WHAT IS REQUIRED – Your answer must be the full listing, word for word, with no images in it.

DATA BLOCK –
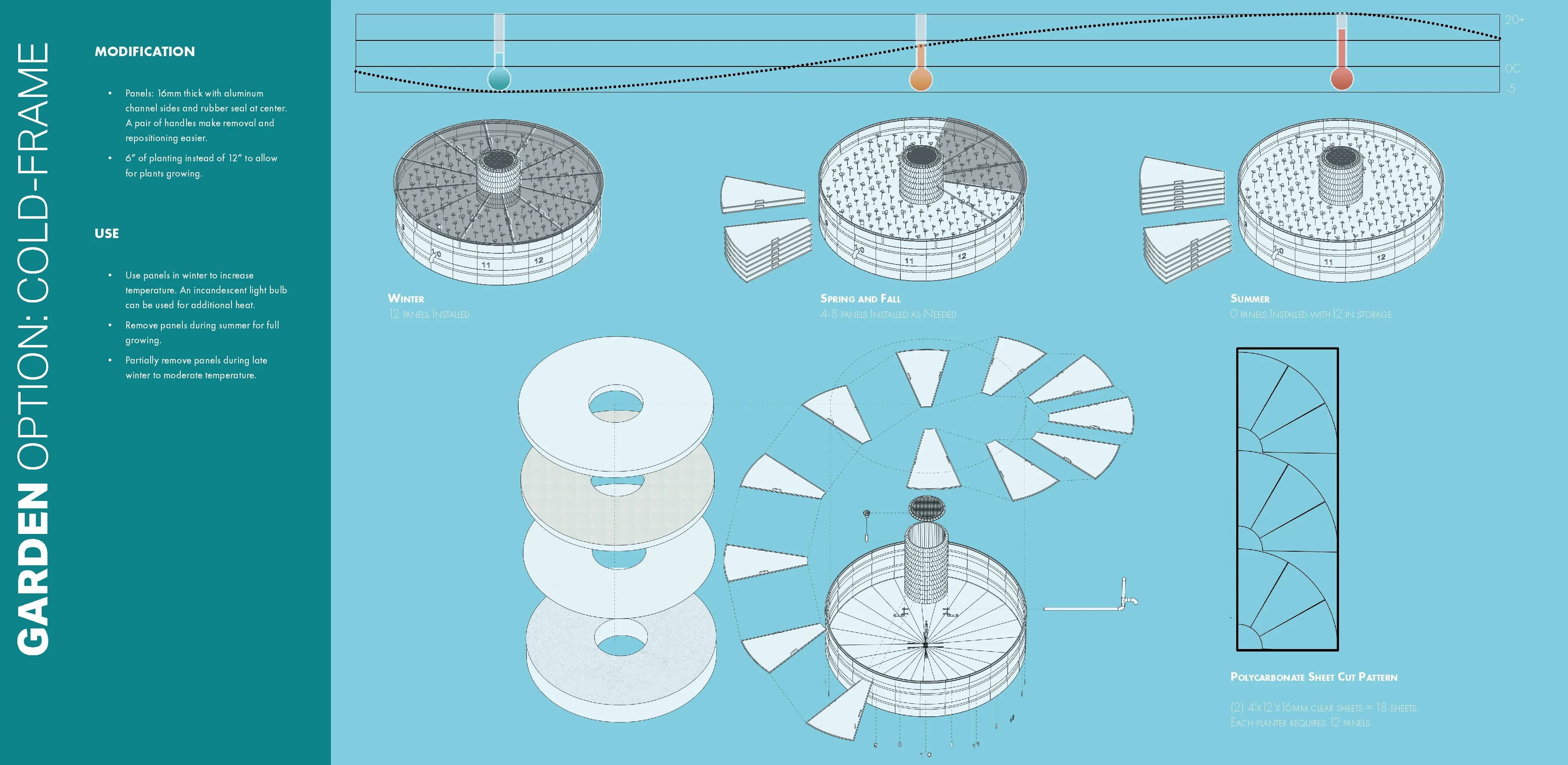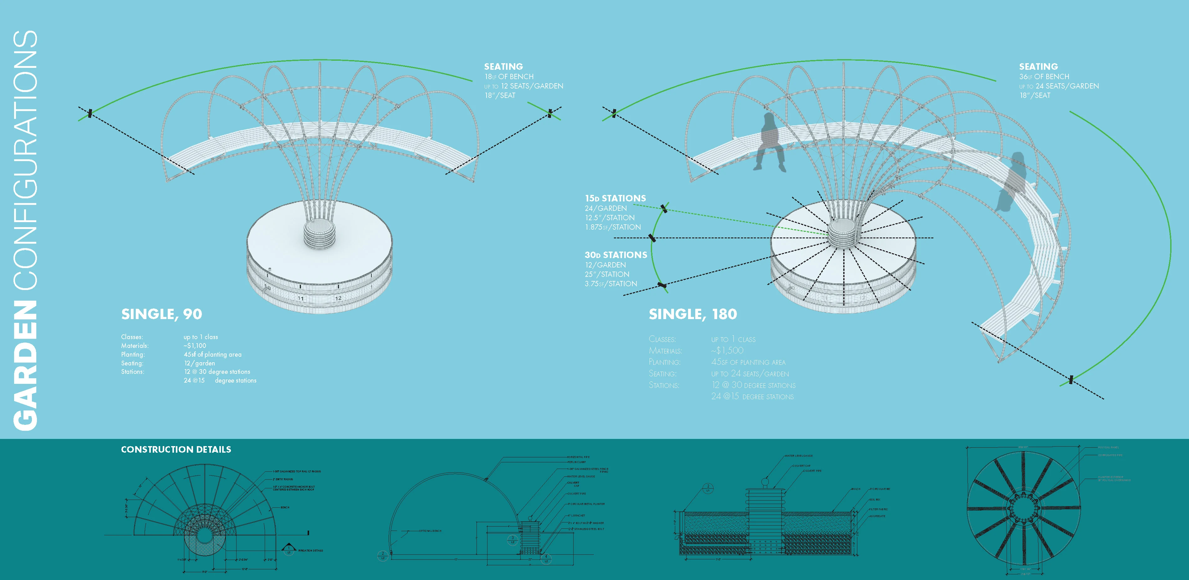 With going online for COVID 19, the team focused on documenting the typology so that it can be shared with any school looking to create a dynamic learning garden. The team developed construction drawings, diagrams, material lists, and a brochure so that will eventually be hosted on an extension website for download.
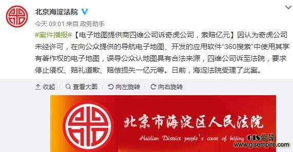 据了解,四维图新是国内较大的数字地图供应商。今年6月,四维图新以著作权侵权为由将奇虎360诉上法庭。四维图新认为,360在其“360搜索”网页端及移动端中使用了四维图新享有著作权的电子地图数据,奇虎公司未经许可,在向公众提供的产品中使用其享有著作权的电子地图,误导公众,要求其停止侵权、赔偿损失1亿元。
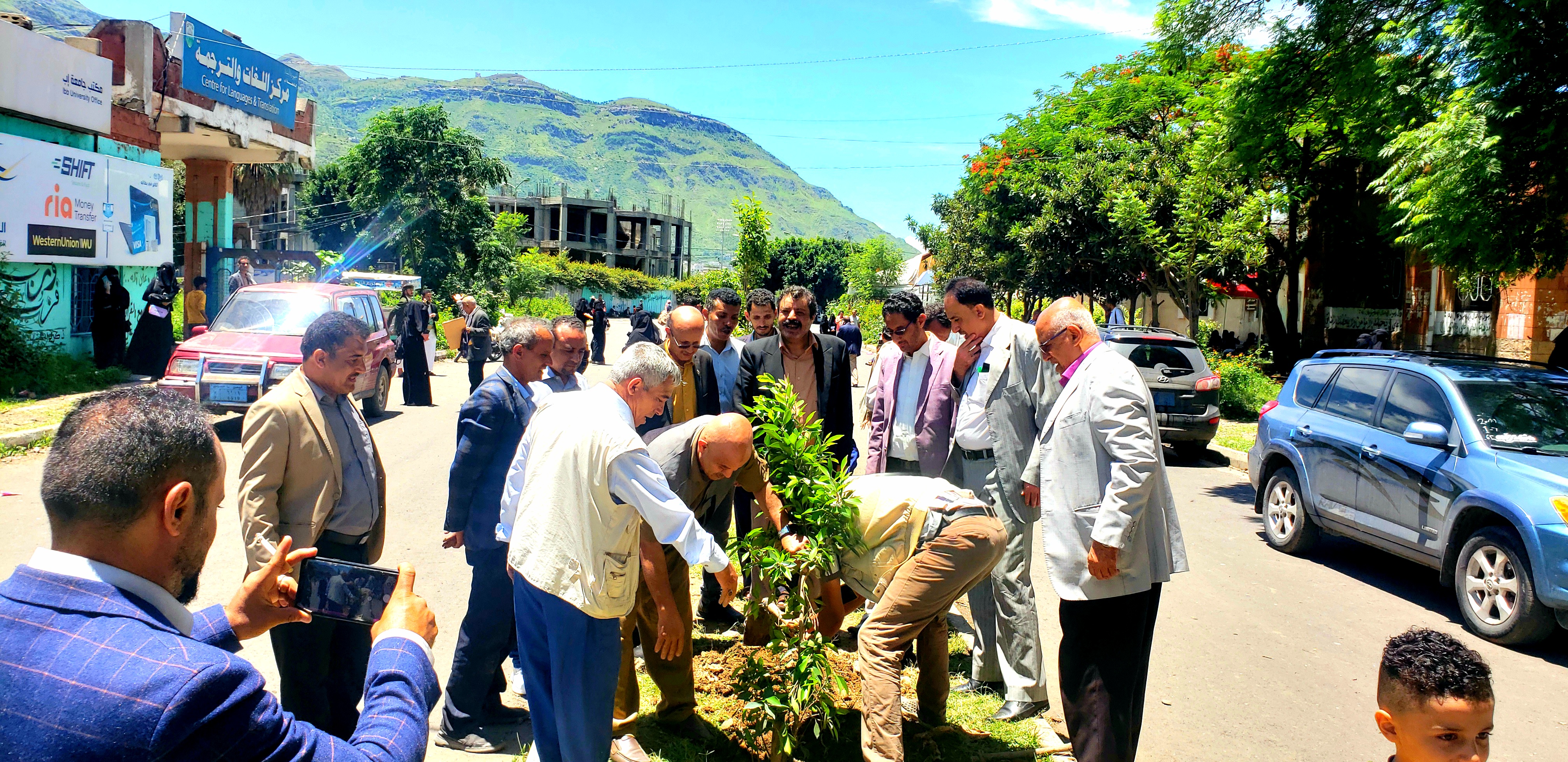 دشن رئيس جامعة إب الأستاذ الدكتور طارق المنصوب حملة التشجير الواسعة للجزر الوسطية في شوارع ومرافق الحرم الجامعي .

SOLUTION BELOW –
 With going online for COVID 19, the team focused on documenting the typology so that it can be shared with any school looking to create a dynamic learning garden. The team developed construction drawings, diagrams, material lists, and a brochure so that will eventually be hosted on an extension website for download.
 据了解,四维图新是国内较大的数字地图供应商。今年6月,四维图新以著作权侵权为由将奇虎360诉上法庭。四维图新认为,360在其“360搜索”网页端及移动端中使用了四维图新享有著作权的电子地图数据,奇虎公司未经许可,在向公众提供的产品中使用其享有著作权的电子地图,误导公众,要求其停止侵权、赔偿损失1亿元。
 دشن رئيس جامعة إب الأستاذ الدكتور طارق المنصوب حملة التشجير الواسعة للجزر الوسطية في شوارع ومرافق الحرم الجامعي .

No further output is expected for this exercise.